• DATA SECTION:
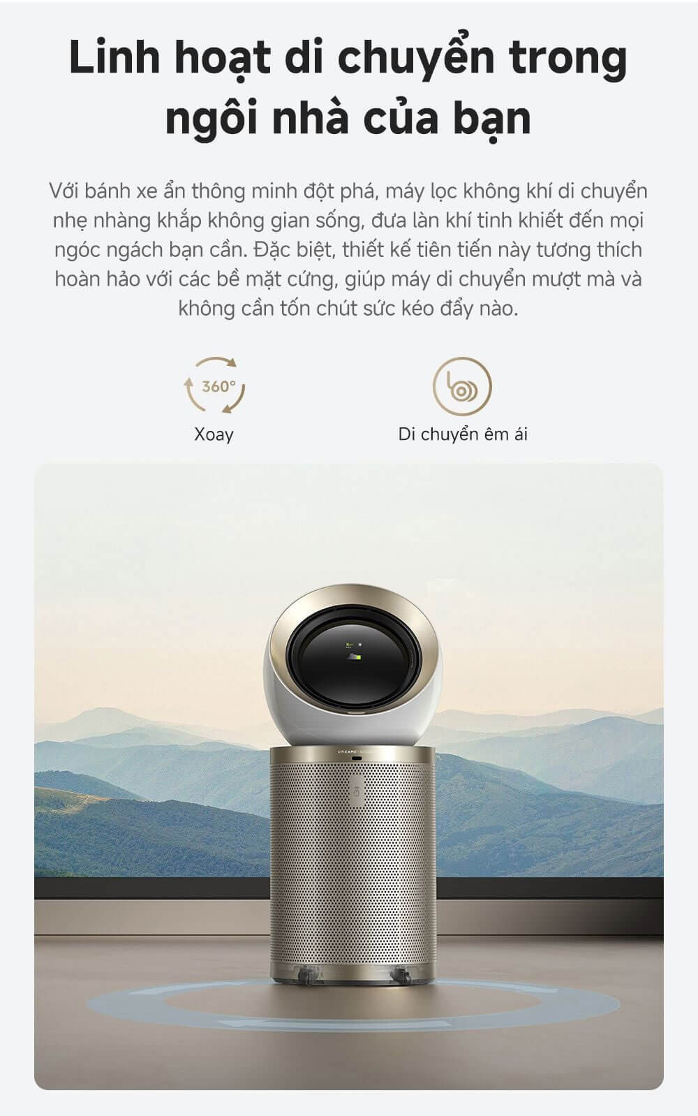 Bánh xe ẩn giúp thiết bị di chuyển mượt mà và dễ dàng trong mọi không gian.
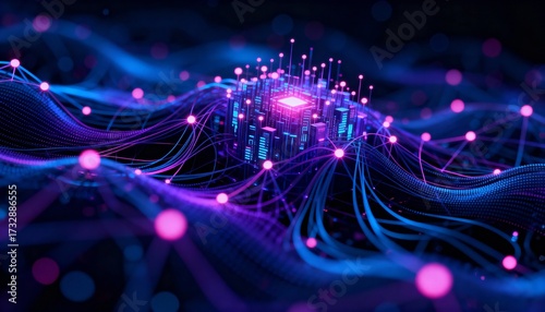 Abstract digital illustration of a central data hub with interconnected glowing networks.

==

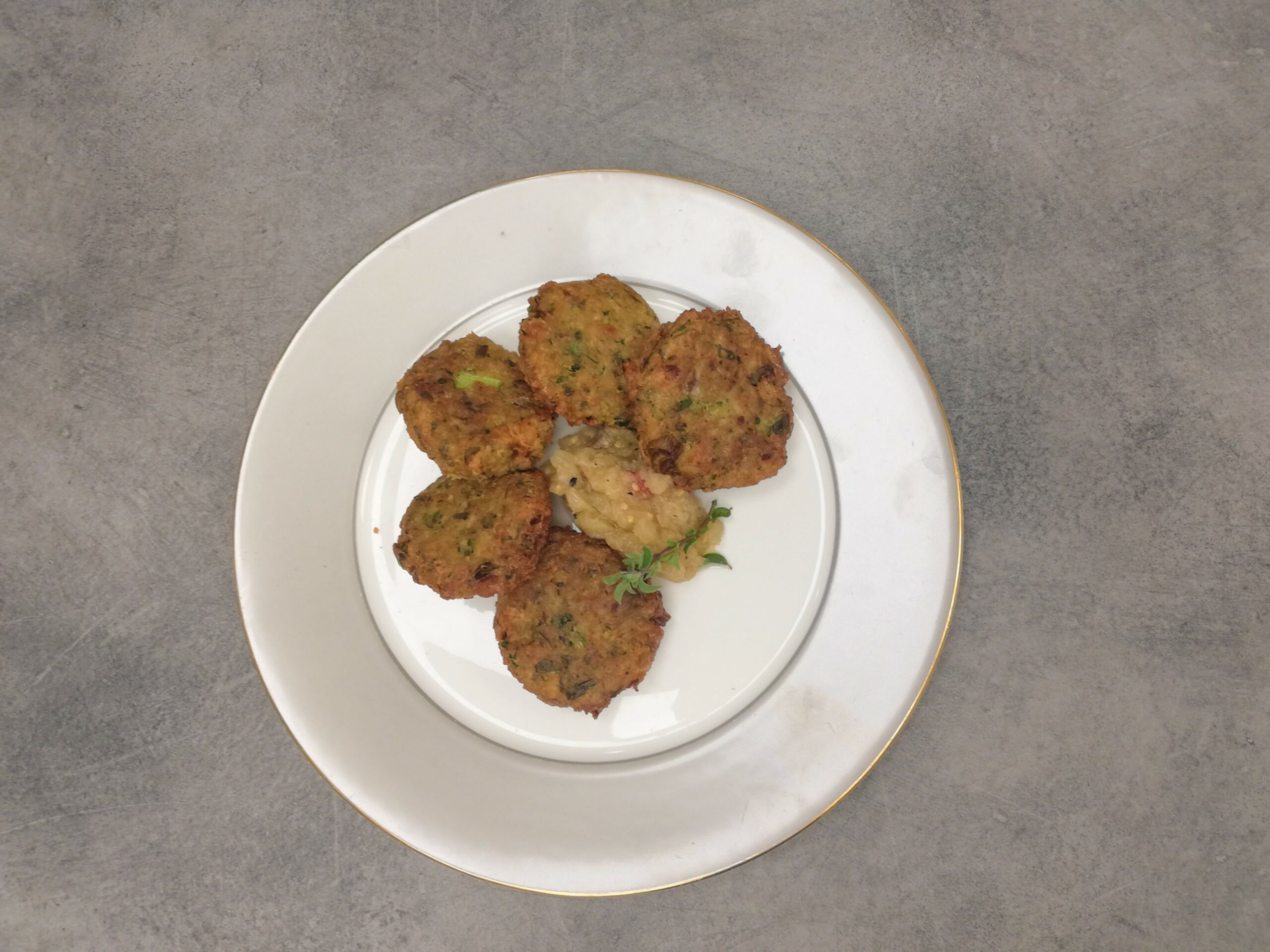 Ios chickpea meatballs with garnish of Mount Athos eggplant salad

• ACTIVITY: Leaving out all pictures, set down exactly the lines of the material above, from the line with "Bánh xe ẩn giúp" to the line with "Abstract digital illustration" inclusive, and no others.

• OUTPUT FOR THIS TASK:
 Bánh xe ẩn giúp thiết bị di chuyển mượt mà và dễ dàng trong mọi không gian.
 Abstract digital illustration of a central data hub with interconnected glowing networks.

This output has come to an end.